If there are grounds for making a challenge to a will or trust, probate litigation will unfold, and is likely to be costly and drag on over months or years, and, ultimately to deepen simmering family conflicts. In the event a conflict related to an estate seems to be escalating, the timely help of an attorney can curtail the need for court intervention. For example, disputes can be resolved via a negotiation or mediation process that results in a family settlement agreement. These kinds of remedies are generally swifter, less costly and less damaging for families than court proceedings.
Of course, the best solution for avoiding the pain, time, and costs associated with probate litigation is thoughtful, proactive estate planning. Courageous conversation with loved ones is especially essential when decisions about assets are likely to come as a surprise or cause stress. In fact, attorney Davis Schilken points out that most potential conflicts over estate plans can be prevented via honest communication, careful, expert guidance, and documentation: “Clear communication can go a long way in preventing misunderstandings and disputes. Let your loved ones know the broad strokes of your plan, especially if you’re making choices that could be perceived as unusual or controversial (e.g., unequal distributions among children). When beneficiaries understand your reasoning, they’re less likely to contest your decisions.”
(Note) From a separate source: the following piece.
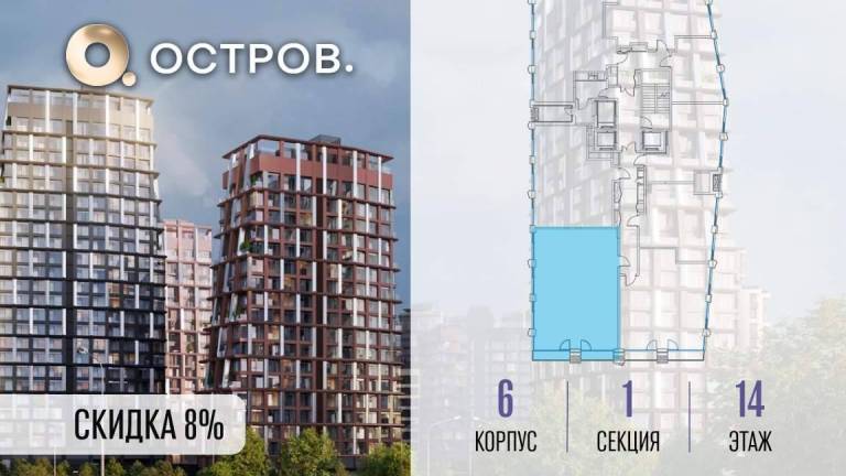 Продаётся 1-комн. квартира от застройщика: общая площадь 38.60 м, жилая 14.10 м, кухня 18.20 м, 10-й этаж, жилой квартал «Остров 14», корпус 1 (секция 2) .

Good To Do: Power of Attorney
Unfortunately, scams, fraud and undue influence are real and growing problems, and the elderly are disproportionately the victims. Putting a durable power of attorney in place, long before mental capacity becomes a concern, can help protect elderly loved ones from devastating acts that threaten assets:
Power of attorney is a powerful yet versatile estate planning tool that allows seniors (or anyone else, for that matter) to appoint another person (the “attorney-in-fact”) to handle their affairs in the event that they become incapacitated. A power of attorney is referred to as “durable” because the authority granted by it continues in effect even if the principal becomes incapacitated. Durable power of attorney can be an effective tool for preventing scams against seniors because it allows the principal to authorize another person to handle — or at least monitor — their financial affairs. For example, a power of attorney could authorize an attorney-in-fact to monitor a senior’s accounts, pay their bills, and step in if necessary to stop unusual transactions. While there’s nothing stopping a senior from voluntarily giving someone else access to their accounts, a durable power of attorney makes it official and ensures that the authority granted survives the senior’s incapacity.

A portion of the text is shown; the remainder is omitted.